In 1988, following a show at Madison Square Garden, the New York Times asked, “Can anyone, then, dance like Michael Jackson? Only if you can rise up on your toes without toe shoes, stay there, and keep up what is basically a nonstop two-hour solo.”
But it wasn’t just the angelic voice and mind-boggling dance moves that solidified Jackson’s throne in pop royalty history, it was also his unapologetically fabulous style underscoring each toe stand, heel pivot and crotch grab.
In his autobiography Moonwalk, Jackson wrote, “my attitude is if fashion says it’s forbidden, I’m going to do it.” Now some of Jackson’s rebellious pieces—a black sequined silk jacket, an equally-sequined red, white and blue shirt, and his signature fedora—are part of the collections at the National Museum of African American History and Culture and will be on view in the museum’s inaugural exhibition “Musical Crossroads.” The show is chockablock with iconic treasures tracing musical traditions and genres from gospel to rock ‘n’ roll to hip-hop.
“I think of Michael Jackson as kind of a sophisticated yet glamorous and otherworldly persona when he put on these clothes,” says Dwandalyn Reece, a curator of music at the museum who organized the exhibition. “That’s the Michael Jackson of that period. Obviously he morphed into different images since the Thriller heyday. But his clothes were really about him projecting who he was and who he likes to see himself as.”
Jackson wore these sparkly costume pieces on stage in 1984 during the six-month Victory tour, a series of concerts he performed alongside his brothers. Though the tour, named after the Jacksons’ 1983 album, featured all six Jackson brothers, it was clear that the crowds were there for Michael— Thriller hit the top charts almost two years earlier.
Jackson’s domination of the music world at that time is evident in the media coverage from the era. In an end-of-year review of popular music in 1984, Robert Palmer, the late New York Times music critic wrote about the tour:
An exceptionally broad cross-section of pop music consumers—black families and their kids, white families and theirs, young professionals of all sorts—flocked to 1984’s longest-running pop roadshow, the Jacksons’ ”Victory” tour. After their last shows, which took place in Los Angeles December 7-9, the Jacksons announced total attendance figures of 2,331,500 and a gross of some $70 million. The real victor was Michael Jackson. He was the one the crowds came to see, and his lead vocals and lithe dancing dominated every show. The proof is in the albums sales figures; the public bought more than 2 million copies of the Jacksons’ ”Victory” album, but that was peanuts compared to the still-skyrocketing sales of Michael Jackson’s ”Thriller.”
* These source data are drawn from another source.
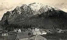 After the Homestead Act of 1862, more settlers ventured to the Snoqualmie Valley, with the first families settling near Borst on the easterly end of Snoqualmie Prairie. In 1865, Matts Peterson homesteaded the site that ultimately became North Bend.[9] In 1879, Peterson sold the property to Borst and moved east of the Cascades. Borst wrote to Will Taylor, who had left the Pacific Northwest to pursue mining in California, and offered him the Peterson homestead in exchange for labor. Taylor returned and became the driving force in developing the town while expanding his property to include a thriving trading post and boarding house for travelers over Snoqualmie Pass. On February 16, 1889, with the upcoming railroad boom, Taylor formally platted a town including his farm, upcoming street plans and building lots, giving it the name "Snoqualmie Prairie".[10] Later that summer, competing Seattle land speculators subsequently platted nearby "Snoqualmie Falls", choosing a similar name. Pressured by demands of the Seattle, Lake Shore and Eastern Railway to avoid confusion, Taylor reluctantly renamed his town "Mountain View".[11] However, the U.S. Post Office Department objected to "Mountain View", as a town with that name already existed in northern Whatcom County. To conclude the matter Taylor agreed to permanently rename the community "North Bend", after its prime location near the large northward bend of the South and Middle Fork of the Snoqualmie River.[9] Taylor was proud of his new, thriving town, but by historical accounts, "He never got over having his town name taken away."[6] North Bend was officially incorporated on March 12, 1909, and grew throughout the 20th century, with an early economic focus on logging, sawmill production, agricultural and dairy farming.[12]
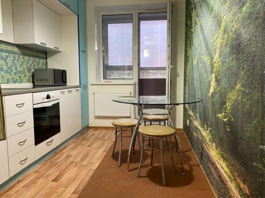 Современная встроенная кухня, оборудованная всей необходимой бытовой техникой остается новому владельцу.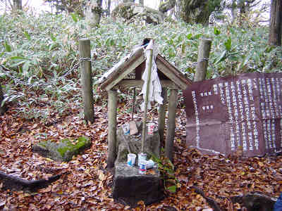 雪の降りだした烏帽子山を後にして次の比婆山(御陵)を目指して出発をした。烏帽子山から落葉のブナ林の中をゆっくりと進んで行き、烏帽子山から20分程度で御陵に到着した。御陵には既に10名以上のパーティーが休憩をしていた。御陵は伊邪那美命(いざなみのみこと)の墓とされている神聖な場所のようで、中央部には中に入れないように鎖が張ってある。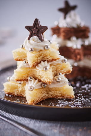 Et si, pour Noël, vous réalisiez en famille une forêt de sapins moelleux ? Décorez-la de crème Chantilly au mascarpone et de sujets en chocolat pour encore plus de gourmandise. En 30 minutes, vous avez un dessert féerique et éblouissant !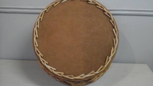 THIS FABULOUS PIECE IS ROUND IN SHAPE AND MADE OF RATTAN. IT HAS A THIN WOODEN BASE.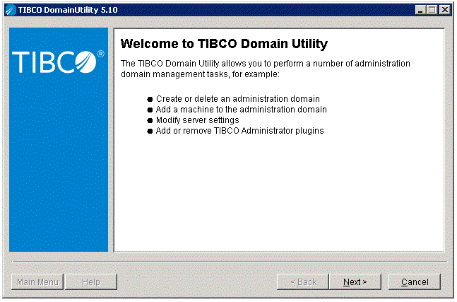 The next diagram shows the Domain Utility main page. Clicking the Cancel button closes Domain Utility. After you have selected a task, the Main Menu button becomes active.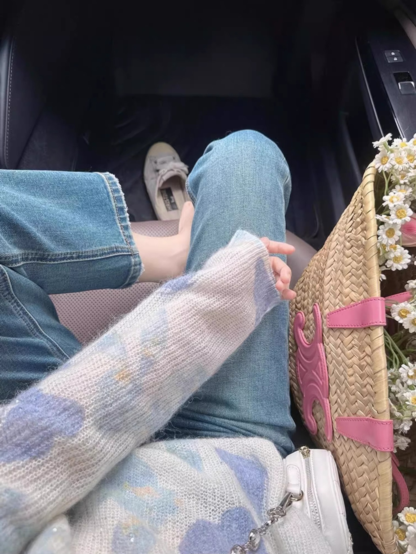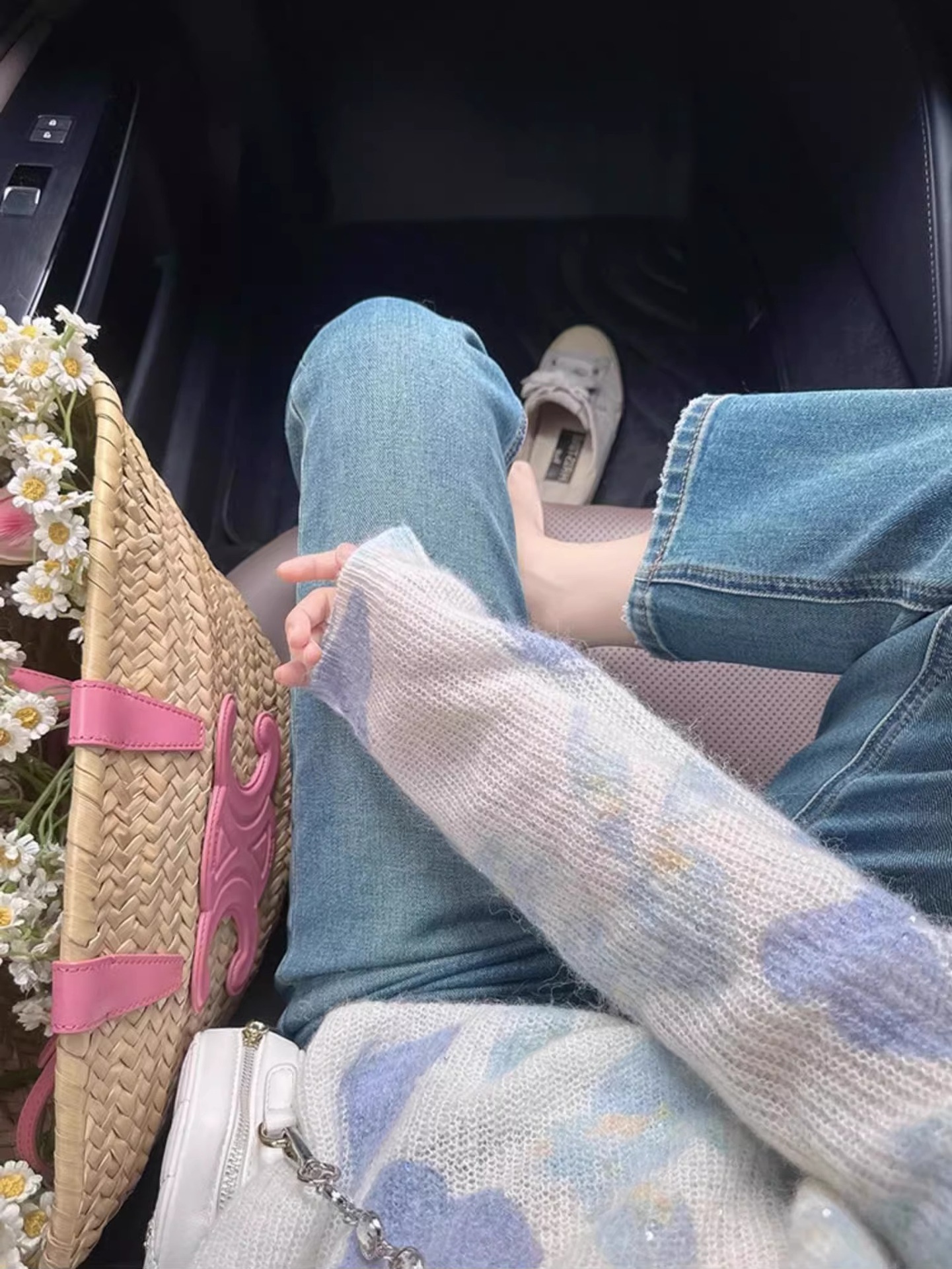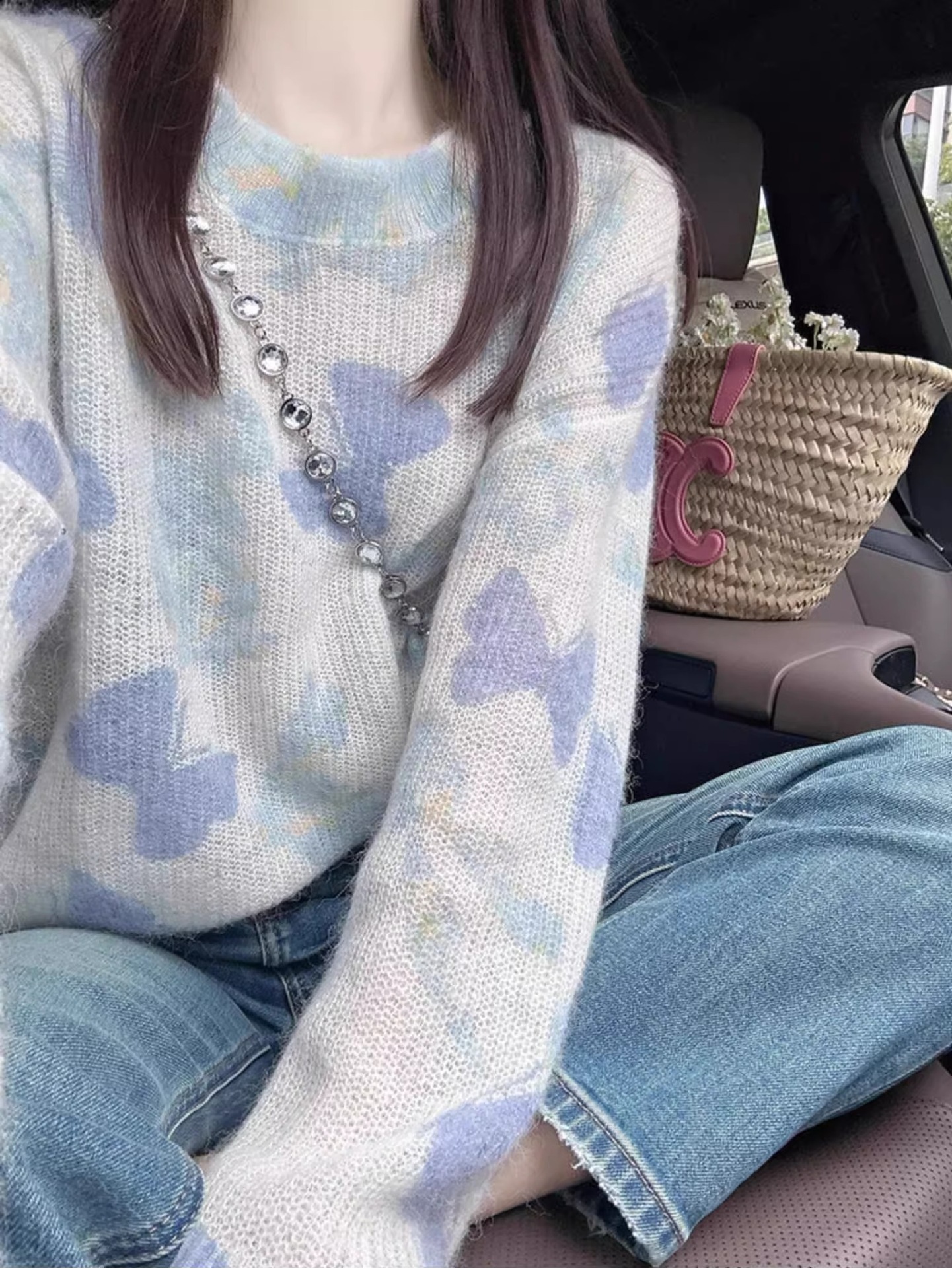블루 타이-염료 게으른 스타일 풀오버 스웨터 여성의 봄과 가을 착용 한국 스타일 느슨한 짧은 스웨터 탑 작은 여성스토어 가기
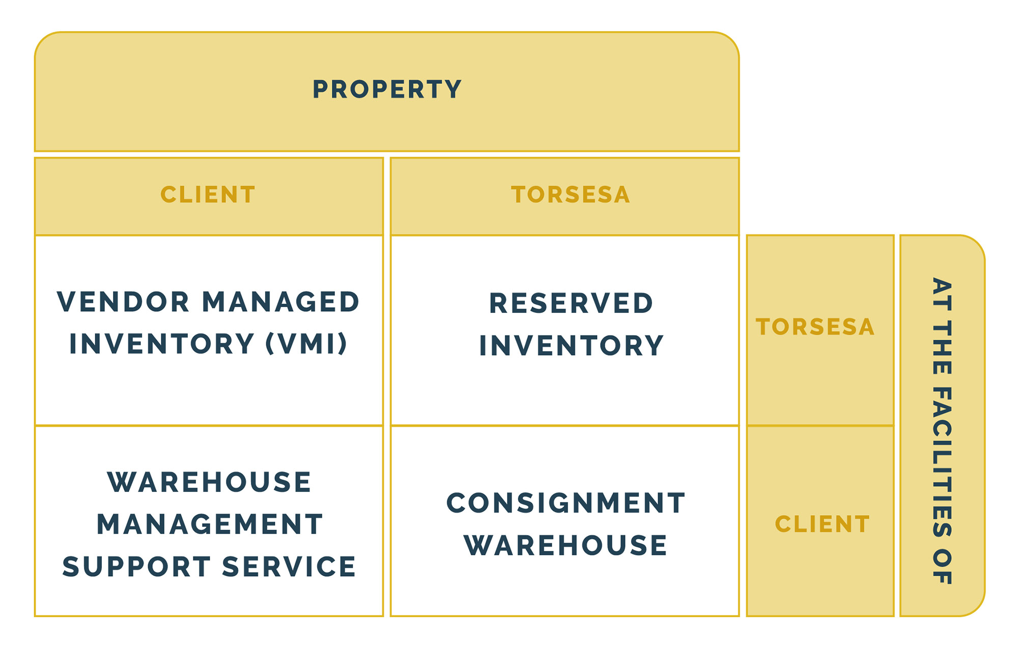 3. Consignment Warehouse – Custody at Torsesa’s facilities.

His undeniable electric stage presence, which sent fans into screaming fits, was only amplified by his sharp and shining stage style. The sequined jacket is the design of Bill Whitten, the designer also responsible for Michael Jackson’s famous white glove. The two sparkly shirts and the fedora will be on display in the “Beyond Category” section of the exhibition, sharing the limelight with artifacts from Quincy Jones, Ray Charles and Nina Simone and other groundbreaking artists.
Jackson was certainly beyond category. His exquisite voice, seamless dance moves, and eccentric fashion were unparalleled by other artists of the time and continue to influence artists today. At Super Bowl 50, today’s queen of pop Beyoncé recalled Michael Jackson’s image, sporting a military-style black and gold jacket similar to the one Jackson wore during his own Super Bowl performance in 1993.
Many other celebrities have stepped out in Jackson-inspired outfits, and Lady Gaga even purchased some of his most famous pieces at auction. And designers have looked to Jackson for style vision such as French brand Balmain did with its spring 2009 collection featuring what Vogue dubbed “Drummer-boy Michael Jackson jackets.”
“He’s not the only pioneer but he certainly paved the way for all the entrepreneurs and artists that we have today who are doing a variety of things not only in the studio but in the industry,” Reece says. “I think we have Michael to thank for a lot of that.”